The interactive map compares each US state on this scale of tight through to loose. The southern states led by Mississippi scored as the tightest. Oregon and the north broadly ranked the loosest.

Why use Google to examine social comparison?

Using Google Correlate is valid in this study because these are real queries, from real people, about the world they live in. The challenge was separating the relevant searches from the irrelevant.

“While social comparison has been studied in the lab, the lab has a certain artificiality,” observes Professor Mussweiler. “Typically the social comparative information provided in the laboratory is not the same as the genuine information individuals seek in the real world.
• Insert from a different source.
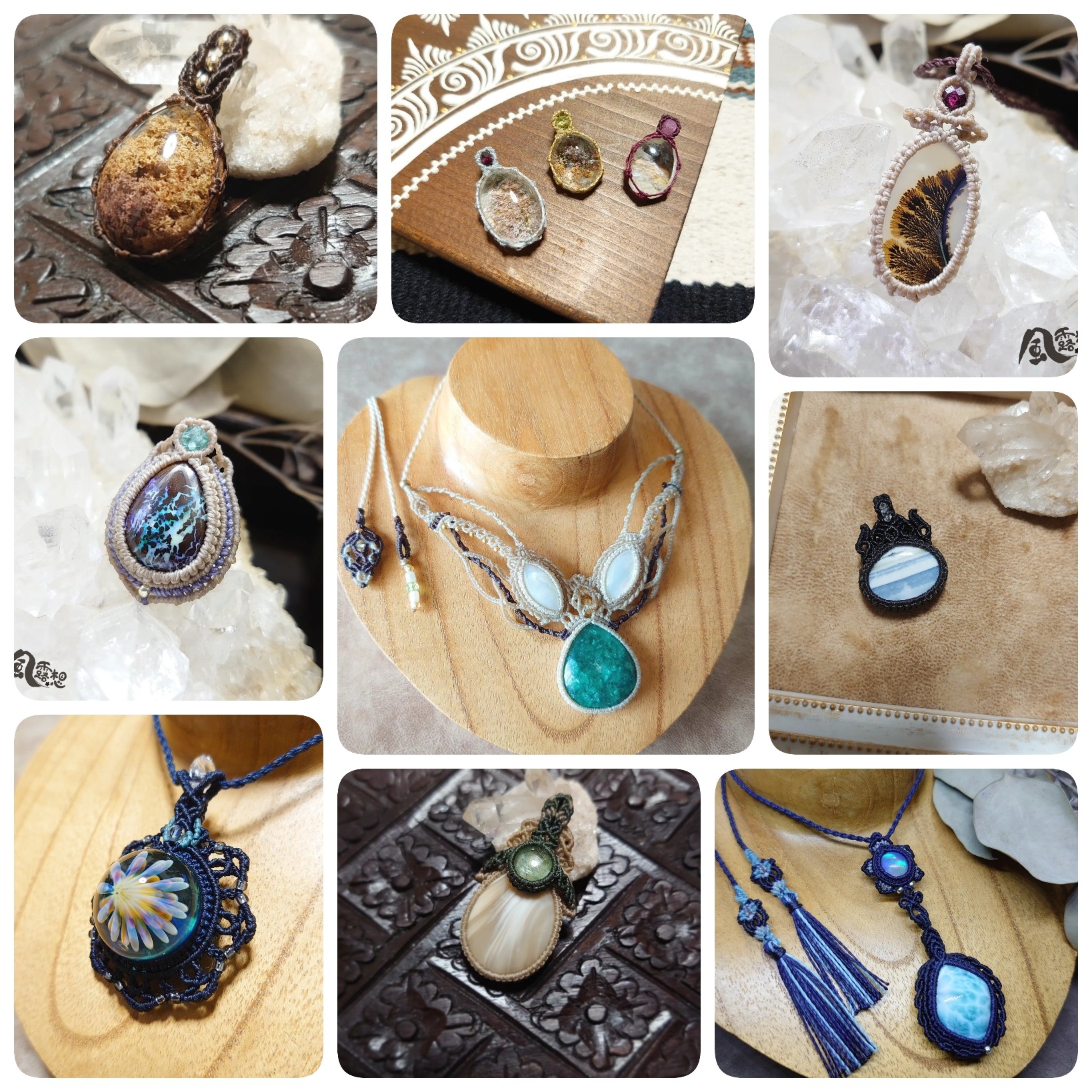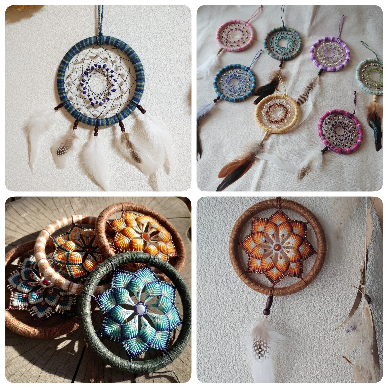 マクラメという手芸技法で天然石やガラスをアクセサリーに仕立てています。ドリームキャッチャーも全て手作りで製作しています。

“Nowadays people seek comparative information about others on the internet so that is what makes this data valuable.”

Researchers have previously used the Google Correlate database to map the spread of flu through search queries. Using a similar correlation method, this paper demonstrates that Google searches related to social comparison are more frequent in tight cultures than in loose cultures. 

The implication of the findings is that social comparison is the link between ecological threat, the broader social behavior it creates and the outcomes for individuals. A conclusion which could be drawn is that comparative thinking is not just a building block of our own thoughts but of society as a whole.

The next steps for the methodology are to use it to explore how social comparison varies over time and in response to different events like disease outbreaks, natural disasters, terror threats, and elections.